Work required: From the line containing "Robe légère, élastique" through the last line below, copy every line exactly, leaving out the pictures.
Supplied information Block Start
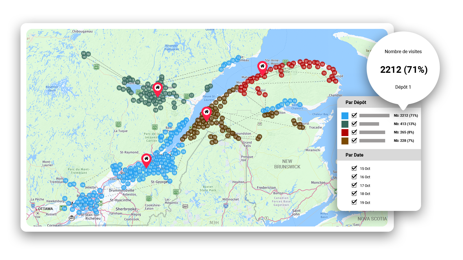 Logix2Go TMS vous propose des outils de géolocalisation à la fine pointe de la technologie. Automatisez sans erreurs jusqu'à 95% de votre correction d'adresse avec une qualité irréprochable. Oui ! il est possible d'offrir une livraison précise même au fond de la campagne. Nos banques d'adresses multi-sources sont même au courant de la plupart des nouvelles constructions !
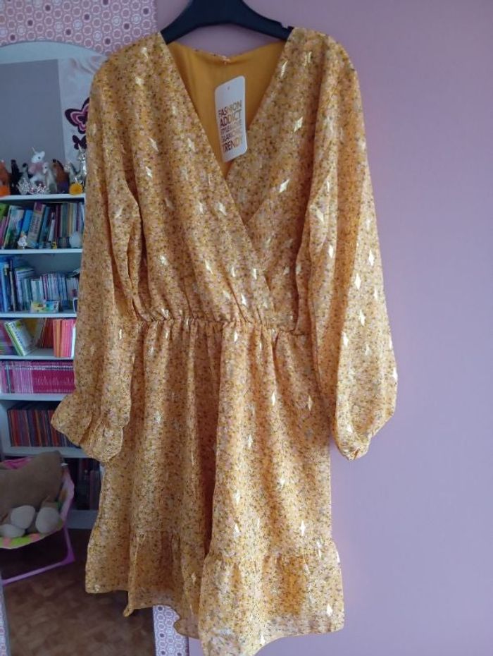 Robe légère, élastique et fleurie, avec détails doré. Taille 12 ans, neuve étiqueté.
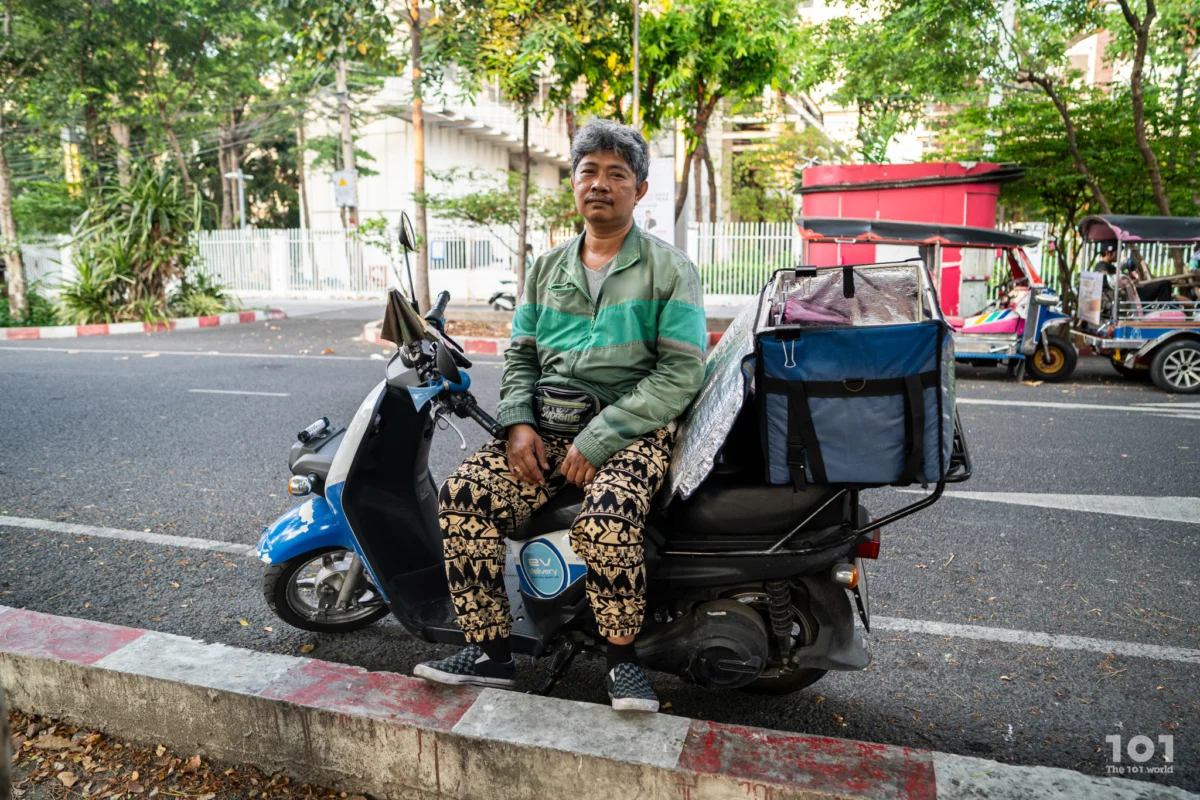 ผมเคยไปส่งอาหารบนอพาร์ตเมนต์ ขึ้นไปถึงห้องพักก็เจอว่าเขาไม่ใส่อะไรเลย เขาไม่ได้พูดอะไรนะ แต่กวักมือชักชวนให้เข้าไปในห้อง เขาคงคาดหวังอะไรบางอย่าง แต่เราก็ไม่สนใจและเมื่อได้เงินค่าส่งก็กลับ ไรเดอร์บางคนเคยเจอถามว่าจ่ายค่าตัวเอาไหม รับงานนอกไหม ซึ่งไรเดอร์ที่โดนส่วนใหญ่มักจะเป็นเด็กหน้าตาดี ส่วนผมมีหน้าตาเป็นอาวุธ คนอื่นก็อาจจะไม่ค่อยสนใจผม (หัวเราะ) ถ้าเจอลูกค้าเข้าข่ายคุกคาม อันที่จริงเราสามารถติดต่อศูนย์บริการและศูนย์ช่วยเหลือของแอปพลิเคชันได้นะ ขอให้เขาช่วยยกเลิกงาน แต่การติดต่อส่วนนี้ใช้เวลานานมาก บางครั้งใช้เวลาชั่วโมงกว่า
Supplied information Block End
Output for this exercise:
 Robe légère, élastique et fleurie, avec détails doré. Taille 12 ans, neuve étiqueté.
 ผมเคยไปส่งอาหารบนอพาร์ตเมนต์ ขึ้นไปถึงห้องพักก็เจอว่าเขาไม่ใส่อะไรเลย เขาไม่ได้พูดอะไรนะ แต่กวักมือชักชวนให้เข้าไปในห้อง เขาคงคาดหวังอะไรบางอย่าง แต่เราก็ไม่สนใจและเมื่อได้เงินค่าส่งก็กลับ ไรเดอร์บางคนเคยเจอถามว่าจ่ายค่าตัวเอาไหม รับงานนอกไหม ซึ่งไรเดอร์ที่โดนส่วนใหญ่มักจะเป็นเด็กหน้าตาดี ส่วนผมมีหน้าตาเป็นอาวุธ คนอื่นก็อาจจะไม่ค่อยสนใจผม (หัวเราะ) ถ้าเจอลูกค้าเข้าข่ายคุกคาม อันที่จริงเราสามารถติดต่อศูนย์บริการและศูนย์ช่วยเหลือของแอปพลิเคชันได้นะ ขอให้เขาช่วยยกเลิกงาน แต่การติดต่อส่วนนี้ใช้เวลานานมาก บางครั้งใช้เวลาชั่วโมงกว่า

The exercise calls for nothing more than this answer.